**Exercise data:**
○ ○ ○ ○

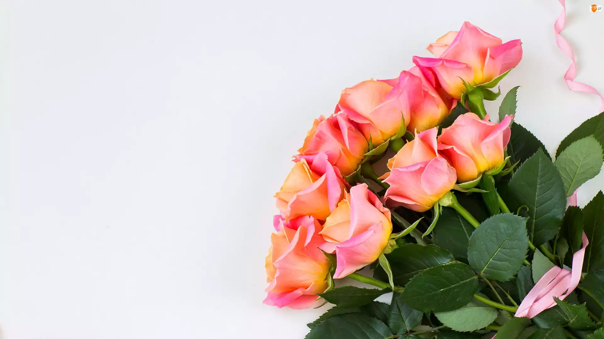 Wstążka, Róże, Bukiet, Różowa
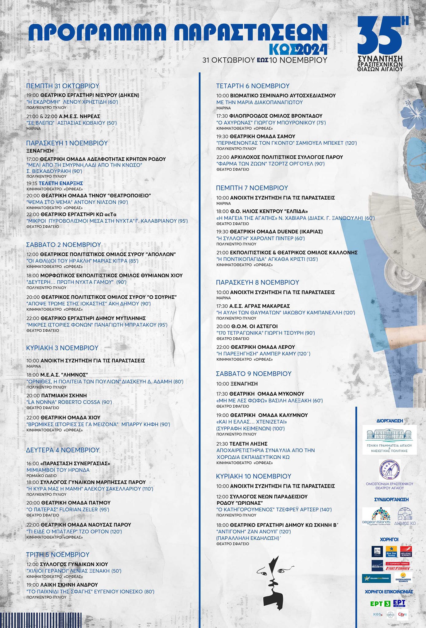 Σε αυτή την κατεύθυνση, η Γενική Γραμματεία Αιγαίου και Νησιωτικής Πολιτικής, διοργανώνει με την Ομοσπονδία Ερασιτεχνικού Θεάτρου Αιγαίου για 35η χρονιά την “Συνάντηση Ερασιτεχνικών Θιάσων Αιγαίου”, με συνδιοργανωτές για το 2024, την Περιφέρεια Νοτίου Αιγαίου και τον Δήμο Κω.
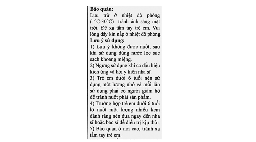 Lưu ý khi sử dụngKhông được nuốt, Để xa tầm tay trẻ em., Ngưng dùng khi bị kích ứng với sản phẩm.
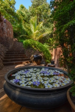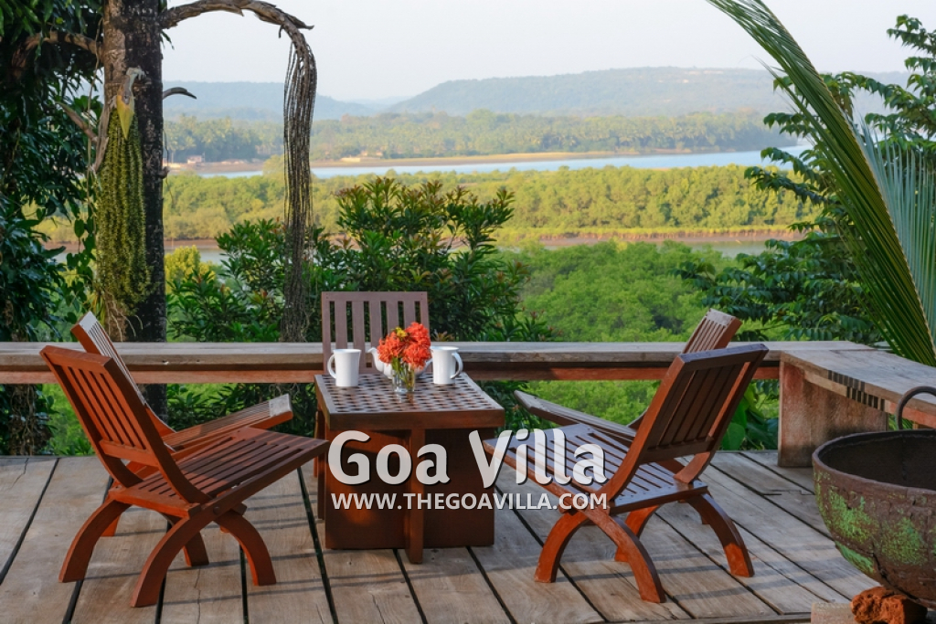 Our exclusive Dream River Villa near Arambol is a luxury villa in lush green gardens and overlooking the river valley. With its breathtaking view of the far-reaching valley it is situated on an exclusive property with a design by the owners themselves, with selected antique furniture and fine interior details.

○ ○ ○ ○

**What is being asked:** Return the complete data unchanged and include none of the pictures.

**Exercise result:**
 Wstążka, Róże, Bukiet, Różowa
 Σε αυτή την κατεύθυνση, η Γενική Γραμματεία Αιγαίου και Νησιωτικής Πολιτικής, διοργανώνει με την Ομοσπονδία Ερασιτεχνικού Θεάτρου Αιγαίου για 35η χρονιά την “Συνάντηση Ερασιτεχνικών Θιάσων Αιγαίου”, με συνδιοργανωτές για το 2024, την Περιφέρεια Νοτίου Αιγαίου και τον Δήμο Κω.
 Lưu ý khi sử dụngKhông được nuốt, Để xa tầm tay trẻ em., Ngưng dùng khi bị kích ứng với sản phẩm.
 Our exclusive Dream River Villa near Arambol is a luxury villa in lush green gardens and overlooking the river valley. With its breathtaking view of the far-reaching valley it is situated on an exclusive property with a design by the owners themselves, with selected antique furniture and fine interior details.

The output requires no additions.